Eisenhorn follows puritan Inquisitor Gregor Eisenhorn's investigations into the chaotic activities that lead him from the dastardly acts of the emperors children to a renegade inquisitor and the consequent abominations of his creation, most noteably the daemonhost and Eisenhorn's nemesis Cherubael. We follow Eisenhorn and meet his team, most notably his savant Aemos, old and wise with a bumbling fascination into the most pertubatory, former prostitute and untouchable Alzibeth Bequin and the pilot family of the Betancores who give us the immortal line "Never argue with a gun cutter, you asshole"?. Over each book as the plot evolves and mutates onto new avenues more of the team including the stars of the later series Ravenor, Harlon Nayl and various others.

Though ultimately a tale of detective investigation and brutal action Eisenhorn is focused upon the divisions between inquisitors, in particular the line between puritans and radicals. Eisenhorn begins staunchly puritan and thus we see his initial scorn of those that believe chaos can be used to destroy chaos however we see the changes in his mind.

Ravenor follows Gideon Ravenor's investigation into the substance better known as flects. A drug chaotic in origin his investigations lead him onto the trail of his nemesis the unkillable Molotoch and into the path of a forsighted heretical cell desperate to bring about a daemonic incursion through Ravenor's movements. Once again we mieet his team, reaquainting ourselves with Harlon Nayl, the ruthless bounty hunter and Kara Swole the acrobat and meeting Interrogator Carl Thonius, the flamboyant coward with a mind beyond many and the murderous telekine Patience Keys. 

Once again an inquisitorial tale Abnett gives another subtheme with Ravenor's position in the radical department rarely wavering due to his flamboyant use of his psyker powers and consultations with the eldar. The story gives more information on the beauracracy that is already surrounding the workings of the inquisition and also upon the blind trust inquisitors have in there own staff. It shows the fragility of humanity and how even those trained and honed can become corrupted from within. Less thematic and subtle in transitions it is none the less a grim show of the cultural fragility of the imperium and the corruption that is embedding itself within it.

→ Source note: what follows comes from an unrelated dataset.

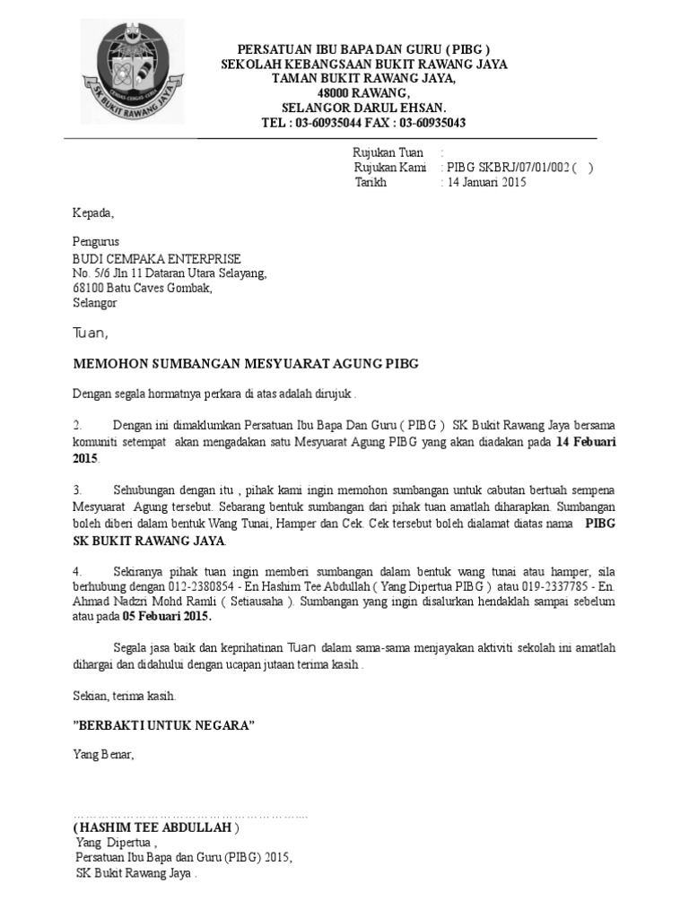 Surat Permohonan Sumbangan Pibg Fasranswer. Contoh Surat Mohon Sumbangan Barang have a graphic associated with the otherContoh Surat Mohon Sumbangan Barang In addition it will include a picture of a sort that could be seen in the gallery of Contoh Surat Mohon Sumbangan Barang. 07- 2359678 Murid Di dahulukan Pencapaian Di utamakan Ruj.

Also as a trilogy linked by the short stories between them, Ravenor flows very well from piece to piece, whilst Eisenhorn jars somewhat, Midas Betancore's random dissapearance for example, jumping in time and space with very little filler. However admittedly both do this and it is a minor nitpick.

Both stories are action packed, their is enough drama in each to make Paris hilton feel upstaged and enough bad ass action to make Arnie's muscles shrink. Comparititively i think eisenhorn has a more realistic plot line, there are less dramatic escapes, do or die actions and bad ass bastards doing crazy shots, however we all realise that harlon nayl is one bad ass mofo. Eisenhorn is indeed a cold blooded bastard but we understand he has his limitations and when an alpha plus psyker tells him to blow his own head off he damn well goes to do it, how he escapes is explained beautifully.

It is close indeed yet I believe i felt though both story lines were engaging and entertaining, I felt *Eisenhorn *won the battle for the storylines for me, the added realism and the indepth view of how thin the line between puritan and radical is really gave the novel and extra depth that Ravenor couldn't match.

____________________________________

Characterization

Eisenhorn uses a first person style exclusively to give us more of Eisenhorn's emotions and opinions, hence we gain a full perspective of Eisenhorm;s feelings, his need for revenge whilst the grim circumstances which make it impossible for him to smile again are a beautiful bit of characterization Overall we gain a very good view of Bequin's charactor,the loveable bumbling of Aemos, however as a savant he is naturally one dimensional and the internal conscience of Fischig but unlike Ravenor we do not gain full charactors from all of his band.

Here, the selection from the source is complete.